However, the migration pattern predication relies heavily on
accurate identification of messages from refugees. This paper
therefore focuses on identifying social media messages from
refugees, which was confirmed as a challenging problem due
to refugees reluctant to post on open social media platforms in
the fear of getting caught by their government authority or
human smugglers [4]. To prevent refugees’ identities from
being accidentally revealed by this study, their social media
messages had been anonymized by replacing their usernames
with unique index numbers.
Recent studies have analyzed the trends in mobility and
migration flows using geolocated twitter data. For example,
Zagheni [5] investigated the use of Twitter data to analyze the
international and internal migration patterns. However, such
analysis is entirely dependent on the availability of geolocated
data, which is often unavailable in refugees’ messages due to
limitations on their computing devices or other reasons.
Gillespie [4] explored the refugee media journeys
through smartphones and social media networks. It obtained
information on trusted sources and groups on Facebook.
While some of the Facebook groups studied contained news
about refugees in Syria, other groups concerned general
migration issues. These groups only revealed partial
information about refugees’ experiences. The study also found
that most of the trusted sources communicates in Arabic.
Ali [6] discussed the significance of big data for various
applications and development purposes. It provided a brief
background of relevant techniques to understand the
applications in humanitarian development. It proposed to use
predictive analytics to avoid or mitigate humanitarian
emergencies before they happened.
Brouckman and Wang [7] investigated the use of
supervised machine learning along with Natural Language
processing methods to classify downloaded tweets (with
keyword ‘refugee in four languages) using the Twitter API.
They used unigram features to model the tweets and then
trained five classifiers namely, - Support Vector Machines,
Logistic Regression, Random Forest, Naive Bayes, and
Ensemble to predict the sentiments towards refugees as either
positive, negative, or neutral.
Despite the above research studies, accurately identifying
social media messages from refugees remains a challenge,
while this is the important step in predicting migrating patterns.
II. METHODOLOGY
This pilot study aims to identify refugees’ social media
messages from data openly available on social networking
platforms using data analytic techniques. Due to the public
nature of Twitter data, it was chosen as the social media
messages for this study. Given the large scale of human
movement happened during the recent Syria crisis, it was
chosen as an example for this pilot study. The main challenge
of identifying refugees’ messages (tweets) is that there are
vast amount of messages discussing the Syria crisis from non-
refugees such as journalists and the general public who are
concerned with the situation in Syria. These messages
compose of similar keywords to those from refugees.

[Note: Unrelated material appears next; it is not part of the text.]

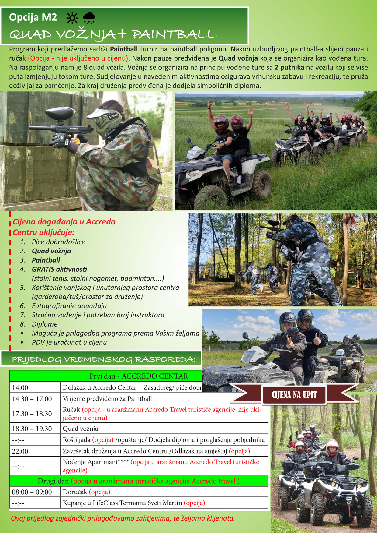 Program koji predlažemo sadrži Paintball turnir na paintball poligonu. Nakon uzbudljivog paintball-a slijedi pauza i ručak (Opcija - nije uključeno u cijenu). Nakon pauze predviđena je Quad vožnja koja se organizira kao vođena tura. Na raspolaganju nam je 8 quad vozila. Vožnja se organizira na principu vođene ture sa 2 putnika na vozilu koji se više puta izmjenjuju tokom ture. Sudjelovanje u navedenim aktivnostima osigurava vrhunsku zabavu i rekreaciju, te pruža doživljaj za pamćenje. Za kraj druženja predviđena je dodjela simboličnih diploma.

Therefore the main objective of this pilot study is to develop a
robust framework for identifying tweets from Syria refugees
and this includes processes such as finding, extracting,
cleaning and labelling tweets, extracting key features from the
tweets and classifying them. For this study, Syria refugees are
defined as Syrians who are considering to leave Syria and seek
refuge elsewhere, those are on-route to their destinations or
those who have recently reached their destinations.
A. Extraction and labelling of tweets
A number of tools were available for extracting tweets
including Twitter API [8] streaming API [9], the R Project for
Statistical Computing [10] and the Rselenium [11]. The
Rselenuim was chosen as it could be modified to extract older
tweets and easy to use. A customized code for Rselenuim is
developed to extract tweets. The code utilizes cascading style
sheets (CSS) selector function to locate and extract the given
fields of tweets such as time of tweets, username and tweet
content. The tweets extracted for this pilot study were from
year 2011 to 2017 as the Syrian migration was more intense in
this period of time. The usernames of the extracted tweets
were anonymized after extraction.
The tweets were extracted based on different combinations
of keywords which were expected to be used by refugees. The
initial keywords used were based on general knowledge about
the Syria war such as ‘Syria’, ‘escape’, ‘leave’, ‘drowning’,
‘fear’, ‘asylum’ and ‘help me’. The extracted tweets were
manually checked and studied during the development phase.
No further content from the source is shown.